◆ **Raw data**:
_____
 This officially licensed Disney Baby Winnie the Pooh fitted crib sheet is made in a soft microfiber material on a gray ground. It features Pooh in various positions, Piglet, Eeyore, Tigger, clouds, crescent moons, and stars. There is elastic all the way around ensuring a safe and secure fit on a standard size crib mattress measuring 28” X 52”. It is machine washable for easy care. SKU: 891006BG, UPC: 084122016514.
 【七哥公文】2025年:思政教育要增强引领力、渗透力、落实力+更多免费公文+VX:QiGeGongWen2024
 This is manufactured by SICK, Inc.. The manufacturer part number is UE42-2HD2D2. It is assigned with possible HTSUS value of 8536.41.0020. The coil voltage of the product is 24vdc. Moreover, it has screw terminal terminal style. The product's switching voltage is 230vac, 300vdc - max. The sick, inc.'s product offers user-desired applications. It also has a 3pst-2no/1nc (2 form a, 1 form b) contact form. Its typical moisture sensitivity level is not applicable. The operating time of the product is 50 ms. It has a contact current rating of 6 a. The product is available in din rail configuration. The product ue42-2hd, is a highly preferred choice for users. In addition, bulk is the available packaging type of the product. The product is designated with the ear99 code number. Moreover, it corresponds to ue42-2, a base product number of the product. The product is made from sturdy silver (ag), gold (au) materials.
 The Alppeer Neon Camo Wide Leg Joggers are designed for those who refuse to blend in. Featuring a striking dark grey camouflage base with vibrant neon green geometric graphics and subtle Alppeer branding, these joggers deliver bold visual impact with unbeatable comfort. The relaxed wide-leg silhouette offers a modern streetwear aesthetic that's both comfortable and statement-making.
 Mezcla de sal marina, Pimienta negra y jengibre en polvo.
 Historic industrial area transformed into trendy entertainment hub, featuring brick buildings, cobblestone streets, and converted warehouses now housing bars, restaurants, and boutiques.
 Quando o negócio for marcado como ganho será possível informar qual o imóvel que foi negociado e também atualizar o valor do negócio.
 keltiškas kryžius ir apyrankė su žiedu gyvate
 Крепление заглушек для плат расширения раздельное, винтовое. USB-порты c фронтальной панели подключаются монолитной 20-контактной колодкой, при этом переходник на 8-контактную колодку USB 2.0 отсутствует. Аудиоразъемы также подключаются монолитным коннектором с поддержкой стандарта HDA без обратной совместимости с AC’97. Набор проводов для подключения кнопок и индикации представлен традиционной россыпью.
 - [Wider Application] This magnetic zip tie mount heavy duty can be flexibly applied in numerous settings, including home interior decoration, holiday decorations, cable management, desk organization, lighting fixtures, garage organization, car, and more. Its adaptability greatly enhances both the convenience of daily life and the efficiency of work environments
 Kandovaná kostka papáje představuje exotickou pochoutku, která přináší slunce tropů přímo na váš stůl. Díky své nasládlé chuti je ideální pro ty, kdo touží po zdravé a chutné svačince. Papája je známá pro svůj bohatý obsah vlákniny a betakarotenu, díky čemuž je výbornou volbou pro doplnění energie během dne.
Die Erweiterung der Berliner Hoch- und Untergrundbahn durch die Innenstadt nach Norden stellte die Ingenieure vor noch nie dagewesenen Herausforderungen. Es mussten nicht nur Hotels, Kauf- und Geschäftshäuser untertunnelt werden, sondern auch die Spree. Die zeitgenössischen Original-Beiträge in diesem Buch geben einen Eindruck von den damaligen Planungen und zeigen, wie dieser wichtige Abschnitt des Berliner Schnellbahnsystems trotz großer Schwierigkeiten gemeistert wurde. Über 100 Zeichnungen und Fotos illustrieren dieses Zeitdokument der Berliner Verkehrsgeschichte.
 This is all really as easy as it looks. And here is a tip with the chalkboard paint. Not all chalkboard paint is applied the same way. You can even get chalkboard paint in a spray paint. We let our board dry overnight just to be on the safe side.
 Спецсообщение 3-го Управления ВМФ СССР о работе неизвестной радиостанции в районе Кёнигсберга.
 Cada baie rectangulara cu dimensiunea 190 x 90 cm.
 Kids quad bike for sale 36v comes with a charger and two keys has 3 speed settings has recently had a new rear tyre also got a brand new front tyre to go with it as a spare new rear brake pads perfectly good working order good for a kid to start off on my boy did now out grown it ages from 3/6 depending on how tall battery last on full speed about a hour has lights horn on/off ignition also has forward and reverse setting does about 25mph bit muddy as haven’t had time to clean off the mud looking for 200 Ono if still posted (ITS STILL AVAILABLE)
_____
◆ **Problem details**:
Collect every line above that contains the word "safe".

◆ **Written reply**:
 This officially licensed Disney Baby Winnie the Pooh fitted crib sheet is made in a soft microfiber material on a gray ground. It features Pooh in various positions, Piglet, Eeyore, Tigger, clouds, crescent moons, and stars. There is elastic all the way around ensuring a safe and secure fit on a standard size crib mattress measuring 28” X 52”. It is machine washable for easy care. SKU: 891006BG, UPC: 084122016514.
 This is all really as easy as it looks. And here is a tip with the chalkboard paint. Not all chalkboard paint is applied the same way. You can even get chalkboard paint in a spray paint. We let our board dry overnight just to be on the safe side.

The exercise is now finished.